As well as generating these patterns, I have also used them. My main use is as a substitute for high-frequency Perlin noise in terrain generation. So, you make the main profile of, for example, an island through some other method. Like the one in (c) here. Then you make a seed set of pixels, as in (a), and quantum blur it to generate a pattern like the one in (b). Then you splat the pattern all over the profile to create your final terrain.
Here you can see a 2D example, as well as a 3D rendering that was used in our education game QiskitBlocks. Details such as information about grass type and tree placement in the 3D rendering was also made using the quantum process.
Since RGB images are basically just three height maps stuck together, we can also manipulate images. This could be be to just make weird looking images using the interference effects. A more sophisticated use is to encode a pair of images and induce a teleportation-like effect between them. Quantum Teleportation is an actual thing for quantum systems where information is transferred between qubits, so it is something that we can actually write a program for. Of course, it’s not the same as teleportation in Star Trek, but we can use it to make transition animations.

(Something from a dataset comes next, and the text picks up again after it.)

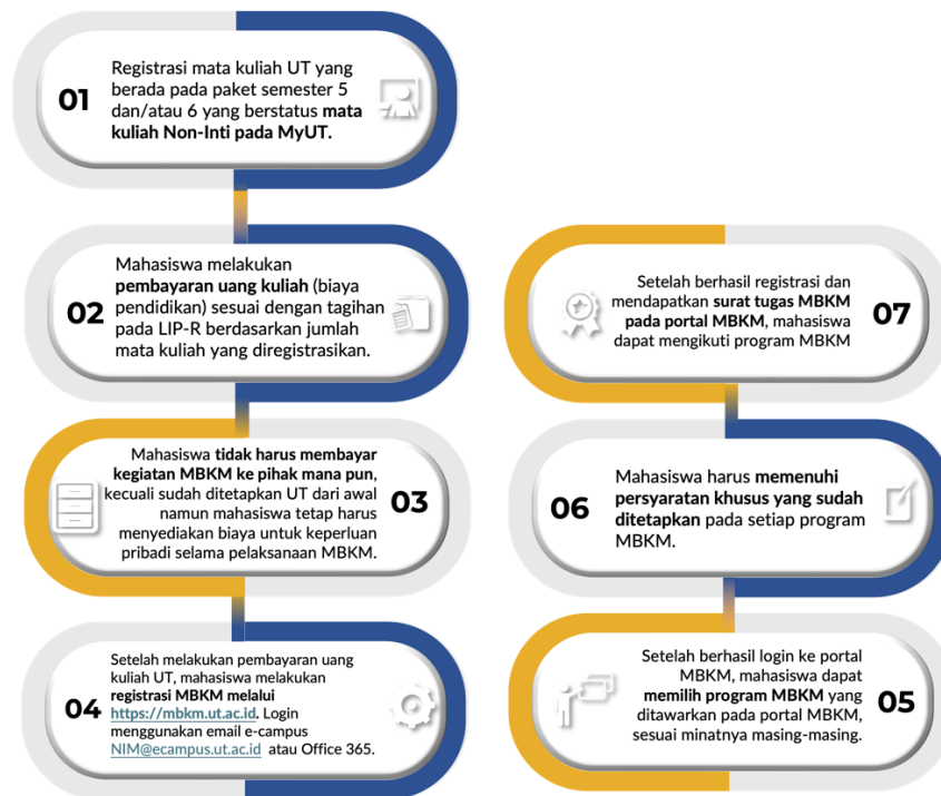
Gambar 3. Alur Registrasi dan Biaya Pendidikan

The idea behind the encoding can also be used for other forms of data. I’ve tried music
and a Mario level:
Evidently I can use it to make content for some nice tweets. But is the method actually useful? For this I need external validation.
There are two major examples of external use. One is the a game studio that I’ve been working with, who are using the method for elements of procedural generation in an upcoming game. The game has a sci-fi setting, with the quantum method here injecting a genuine flavor of science into their fiction.
The other is that the artist Libby Heaney used some of these ideas as the starting point for some of her own art.
The fact that the results emerge from quantum software is something that is highlighted in both these use cases. There is some form of what I call ‘algorithmic provenance’ going on here: It is important to the user that these results originate from the quantum region of algorithm space, and aren’t just sparkling linear algebra.
This is not a sustainable feature. There won’t always be people wanting to use quantum software just because it is quantum. But it is a start, so I’ll take it. These use cases show that the quantum blur method is useful to external parties, at least to some degree.
In conclusion, the era of using quantum software to create actually useful methods for procedural generation starts now!
With this method described here, it is better to use emulation than real quantum hardware, but that will start to change soon. In fact, I’ve already used one of our biggest devices in a completely different method for PCG.
Introducing: A Quantum Procedure for Map Generation
This is the blog version of a talk to be given at the IEEE Conference on Games 2020. Each slide is followed by what I…
So expect to see me again in the future, still banging the drum of quantum computing.